About one-quarter of the young undocumented immigrants eligible for the two-year deportation deferral established by President Obama have applied since the program started Aug. 15

Statistics released last week by the US Citizenship and Immigration Services (USCIS) gave the fullest portrait yet of who is applying, and they suggested that enthusiasm for the program was not dampened by the uncertainty caused by presidential election.

Republican nominee Mitt Romney had waffled on how he would handle the program, leading some immigration advocates to wonder if applicants might be wary of starting the process until the election was decided. But the data show the election had little effect on the process.

After the first month of the program, 82,000 applications had been filed with USCIS. By Nov. 15 — the program’s three-month mark — 300,000 applications had been filed, marking steady growth. The Migration Policy Institute estimates that 1.2 million undocumented immigrants nationwide are eligible for the program, called Deferred Action for Childhood Arrivals (DACA).

“I am elated that so many applications are coming in and now that the fear of Romney winning is out of the way,” said Rep. Luis Gutierrez (D) of Illinois, a leading immigration-reform advocate who pushed the Obama administration to set up DACA, in a statement. “I think a half-million applications by New Year’s should be our goal.”

To qualify for the DACA program, applicants must have been under age 31 on June 15, have lived in the United States for five or more years consecutively, meet military-service or educational requirements, have come to America before age 16, and have no significant criminal record. Applicants must pay $465 in fees and submit to a biometric scan and background investigation.

The data released last Friday offer more insight on the applicants:

  • Some 17 percent of all applicants (about 50,000) have been accepted, bestowing a two-year deferral from deportation proceedings and the opportunity to receive a work permit but no path to US citizenship.
  • About 3 percent of applications have been rejected so far. Some rejections could be for simple reasons like mistakes on forms, which could be resubmitted.

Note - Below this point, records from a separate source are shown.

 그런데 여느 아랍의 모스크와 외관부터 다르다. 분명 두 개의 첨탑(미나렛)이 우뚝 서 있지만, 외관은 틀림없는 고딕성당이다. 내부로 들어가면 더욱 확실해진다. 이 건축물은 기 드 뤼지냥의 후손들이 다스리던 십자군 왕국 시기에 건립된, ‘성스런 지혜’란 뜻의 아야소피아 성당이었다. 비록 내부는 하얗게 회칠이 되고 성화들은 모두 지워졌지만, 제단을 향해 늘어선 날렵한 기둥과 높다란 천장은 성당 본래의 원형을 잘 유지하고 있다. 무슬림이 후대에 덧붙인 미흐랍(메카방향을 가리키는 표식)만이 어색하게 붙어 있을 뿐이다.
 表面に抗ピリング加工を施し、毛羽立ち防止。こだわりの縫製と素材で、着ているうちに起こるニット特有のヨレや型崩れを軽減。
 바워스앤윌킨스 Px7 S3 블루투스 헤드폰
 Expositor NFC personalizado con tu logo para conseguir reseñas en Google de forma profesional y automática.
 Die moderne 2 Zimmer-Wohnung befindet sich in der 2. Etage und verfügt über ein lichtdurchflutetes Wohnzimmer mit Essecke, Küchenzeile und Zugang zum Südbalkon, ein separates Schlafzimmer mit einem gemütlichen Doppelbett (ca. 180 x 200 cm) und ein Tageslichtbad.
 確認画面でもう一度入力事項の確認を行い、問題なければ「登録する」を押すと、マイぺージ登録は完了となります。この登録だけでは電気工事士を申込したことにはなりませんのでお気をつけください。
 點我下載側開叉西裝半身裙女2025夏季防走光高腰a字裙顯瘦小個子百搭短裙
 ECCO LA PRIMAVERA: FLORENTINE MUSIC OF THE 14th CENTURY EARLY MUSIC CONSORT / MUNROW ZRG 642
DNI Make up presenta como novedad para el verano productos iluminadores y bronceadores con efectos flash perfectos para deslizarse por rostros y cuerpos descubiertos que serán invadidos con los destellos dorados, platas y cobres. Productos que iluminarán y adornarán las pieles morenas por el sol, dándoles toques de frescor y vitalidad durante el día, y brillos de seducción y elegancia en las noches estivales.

USCIS has not published the number of applications that have been vetted and denied, for which there is no appeals process. [Editor’s noteThe rejection process was not fully explained in the original.]
  • Two in 3 applicants are of Mexican origin, with the next largest national group being from El Salvador. Citizens of that country make up slightly less than 1 in 20 applicants.
  • South Koreans make up the largest non-Spanish speaking group, at 1.6 percent of all applicants. Overall, they are the sixth-largest national applicant group.  
  • California (with 81,500) and Texas (47,700) had the most applicants by state, with New York,Florida, and Illinois rounding out the top five with between 19,000 and 13,000 applicants apiece.

The program is a sort of miniature version of the DREAM Act, legislation that would put on a path to US citizenship young people who are in a similar situation to those eligible for DACA. With the DREAM Act (and broader immigration reform) stalled in Congress, Mr. Obama announced the DACA policy on June 15 as a stopgap measure to help stop deportation of young illegal immigrants brought to the US while minors.

Representative Gutierrez, who will eat a Thanksgiving meal with 21 DACA recipients and their families on Wednesday evening, hopes that the popularity of DACA — combined with the November election, where 70 percent of Latinos voted for Obama — will help compel Washingtonto make permanent immigration reform a priority in 2013. 

“The American people rejected the politics of division at the ballot box, and now we are poised to move immigration reform when the Congress convenes in January,” he said.